In the very first scene of The Last Big Thing, protagonist Simon Geist is haranguing a young couple at the local video store about “great” movies. According to Simon, there are some great movies in the “classics” section (“four of them,” he says, “were directed by Orson Welles”) and there are some more in the foreign film section. After declaring that the “new releases” section is barren, he strolls off.
Thus Simon is off on an Edward Munch-inspired tear that will give the opening reels of The Last Big Thing a ferocious energy unlike anything else currently on movie screens. Played with an unsparing intensity by writer/director Dan Zukovic, Simon Geist is a fin-de-siecle agent provocateur who uses a fictive magazine called The Next Big Thing as a pretext for interviews with up-and-coming pop culture figures (actors, models, rock groups). Once the unwitting interviewees sit down, Simon tears them apart with sardonic, deadpan relish. It would almost qualify as postmodern performance art, if only there were an audience for the spectacle besides Simon and his victim. (On one occasion, the joke is that he hasn’t even bothered to put a tape in his recorder for a lengthy interview.)
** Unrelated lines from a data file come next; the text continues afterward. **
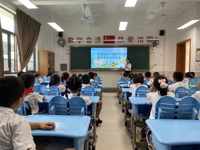 在德育處的組織下,各班精心開展了以“普通話誦百年偉業,規范字寫時代新篇”為主題的班隊會活動,積極宣傳《中華人民共和國國家通用語言文字法》以及相應的普通話基礎知識。
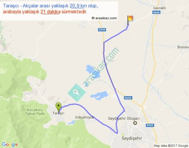 Taraşcı - Akçalar arası yaklaşık olarak 90 km/h ile yukarıda belirtilen sürede olup, iki yerin kuş uçuşu uzaklığı (mesafesi) 11'dir. Yolculuk otobüsle 27 dakika sürmektedir.
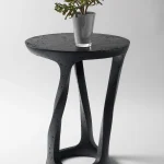 Created by Lithuanian designer Donatas Zukauskas, this sculptural side table blends stark elegance with raw texture. Its bold silhouette merges archaism and modernity, bridging functional design with sculptural form. Inspired by brutalism and wabi-sabi aesthetics, the piece reveals deliberate imperfections and tactile surfaces that invite touch and evoke natural erosion.
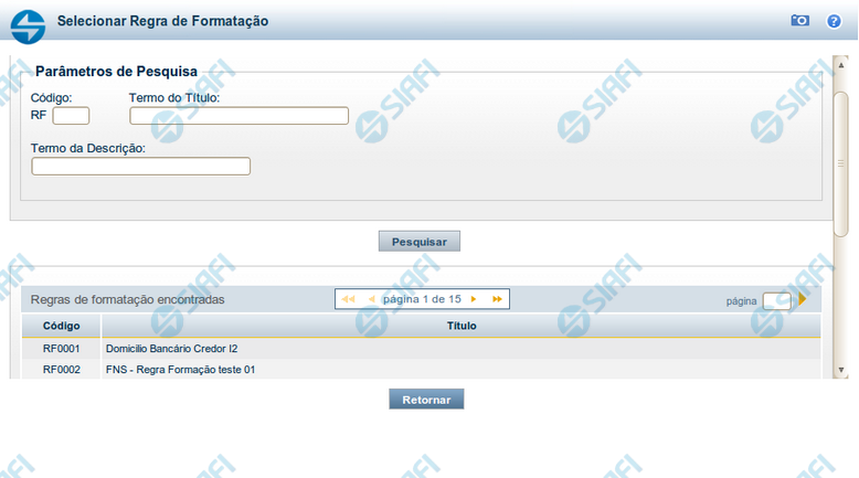 Retornar - Clique nesse botão para desistir da pesquisa.

Of course, there is (theoretically) an audience for the very low-budget film made about Simon and his victims, and The Next Big Thing exudes a wild, look-at-me exuberance in its lambasting of celebrity culture and 70s decade-worship that’s awfully hard not to like. Many of the early scenes are laugh-out-loud funny, and Zukovic manages to make us care who this guy is and what’s going to happen to him. Happily, Zukovic also realizes that Simon is, fundamentally, an asshole.
The problem is that when he makes that the subject of the film — examining Simon’s dangerously askew relationship with unstable roommate Darla (Susan Heimbinder), or watching the tables get turned on him by a model (Pamela Dickerson) who’s smarter than she looks — it’s hard to differentiate The Last Big Thing from any other low-budget, self-important American independent production. As Zukovic starts to take all this stuff too seriously, the jokes start fizzling. (The one about directing a music video is especially creaky.) It would be nice to see some doors open for Zukovic, who has made a spare, startling and fitfully interesting movie (and one that sat on the shelf for two years before finding a distributor). But, sadly, The Last Big Thing (expanded from an award-winning short) wears out its welcome about halfway to the end.